10. The method of claim 9, wherein the fumaryl aminoalkyl diketopiperazine is substantially free from impurities corresponding to MW396 and MW788.

11. The method of claim 9, wherein the fumaryl aminoalkyl diketopiperazine has a HPLC purity of greater than 97%, including greater than 98%, and including 99% or more.

12. The method of claim 9, wherein the fumaryl aminoalkyl diketopiperazine comprises acetic acid in an amount of less than 2400 ppm.

13. The method of claim 12, wherein the fumaryl aminoalkyl diketopiperazine comprises acetic acid in an amount of from 1350 ppm to less than 2400 ppm.

14. The method of claim 9, wherein the fumaryl aminoalkyl diketopiperazine comprises trifluoroacetic acid in an amount of less than 2100 ppm.

15. The method of claim 9, wherein the fumaryl aminoalkyl diketopiperazine comprises trifluoroacetic acid in an amount of from 1725 ppm to less than 2100 ppm.

16. The method of claim 9, wherein the fumaryl aminoalkyl diketopiperazine comprises reduced amounts of impurities corresponding to MW450, MW466, MW484.

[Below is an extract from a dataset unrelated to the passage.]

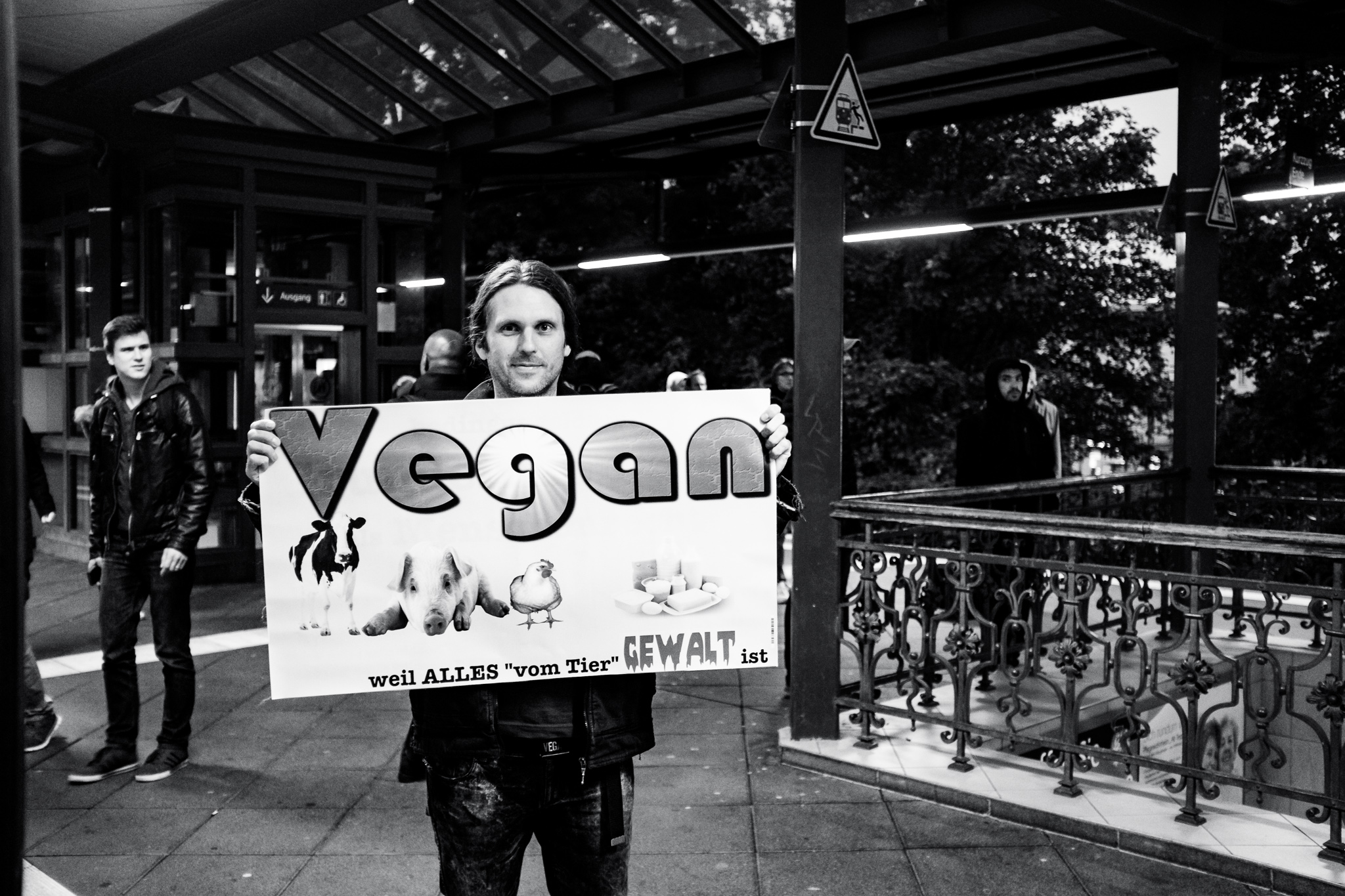 Tag 74 - BLN Vegan // Manchmal muss man auch einfach ein wenig Glück haben und dann entstehen solche Bilder. Ich hatte den Herren schon in der S-Bahn wahrgenommen, hatte aber leider durch die vielen Menschen keine freie Sicht. Als der Mann dann ausstieg blieb er kurz stehen, ich hob meine Kamera und er lächelte nach einen kurzen Blickkontakt sogar ein wenig in die Kamera.
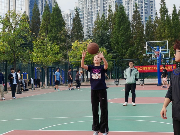 赛程中,各队秉持“友谊第一,比赛第二”的体育精神,为现场观众呈现了多场精彩对决。球员们在赛场上挥洒汗水,默契传切、精准远投与顽强防守轮番上演,场边掌声与喝彩声此起彼伏,尽显石工院研究生团结协作、奋勇拼搏的品质。赛事还特别设置了中场女生投篮积分环节,各队女生踊跃参与,每一次命中都为球队贡献关键分数,进一步增添了比赛的趣味性与参与度。

17. The method of claim 9, wherein:the cyclocondensation comprises mixing a N-protected amino acid and a catalyst in an organic solvent and heating to cyclocondense the amino acid, quenching the reaction with water to form a N-protected aminoalkyl diketopiperazine, isolating the resulting solids and washing twice with water;the substitution comprises mixing sodium hydroxide, 4-nitrophenol, and ethyl fumaryl chloride in a mixture of water and a second organic solvent and heating to form an activated monoethyl fumarate;the deprotection comprises in a separate reaction vessel, mixing the N-protected aminoalkyl diketopiperazine with sodium hydroxide in a mixture of a second organic solvent and water and heating the mixture to form an aminoalkyldiketopiperazine; the coupling comprises mixing the aminoalkyl diketopiperazine and the activated monoethyl fumarate in the second organic solvent and heating to a temperature of a temperature of 30°C to 60°C, to form the EFDKP, quench with water and stir for a predetermined amount of time, isolating the resulting solids and washing with the second solvent (2x) and water (2x);the recrystallization of the EFDKP comprises mixing the ethylfumaryl amino alkyl diketopiperazine with glacial acetic acid, heating the mixture cool the mixture, isolate the resulting solids, wash the solids with a mixture of acetic acid and water, wash the solids with water;the saponification comprises mixing the ethylfumaryl amino alkyl diketopiperazine with methanol and water twice, heating and adding a mixture of 50% sodium hydroxide and water over about 1 hr, wherein the sodium hydroxide is provided in an amount of greater than twice the molar equivalent of the EFDKP, heating the mixture to saponify ethyl moieties and form fumaryl diketopiperazine (FDKP);the recrystallization of the FDKP comprises mixing the FDKP with trifluoroacetic acid (TFAA) and heating for a predetermined period of time, adding glacial acetic acid with cooling and mixing, filtering resulting solids, and washing the resulting solids at least twice with acetone and a mixture of acetone and water.

18. The method of claim 17, wherein the recrystallization of FDKP step comprises cooling with a liner cooling rate over a period of between 1 and 2 hours and holding at a temperature of about 20°C for less than 2 hours.

19. The method of claim 17, wherein the recrystallization of FDKP step comprises cooling the mixture to a temperature of below 60°C prior to adding glacial acetic acid.

20. The method of claim 17, wherein the recrystallization of FDKP step comprises adding until the ratio of acetic acid to TFAA is about 1:1.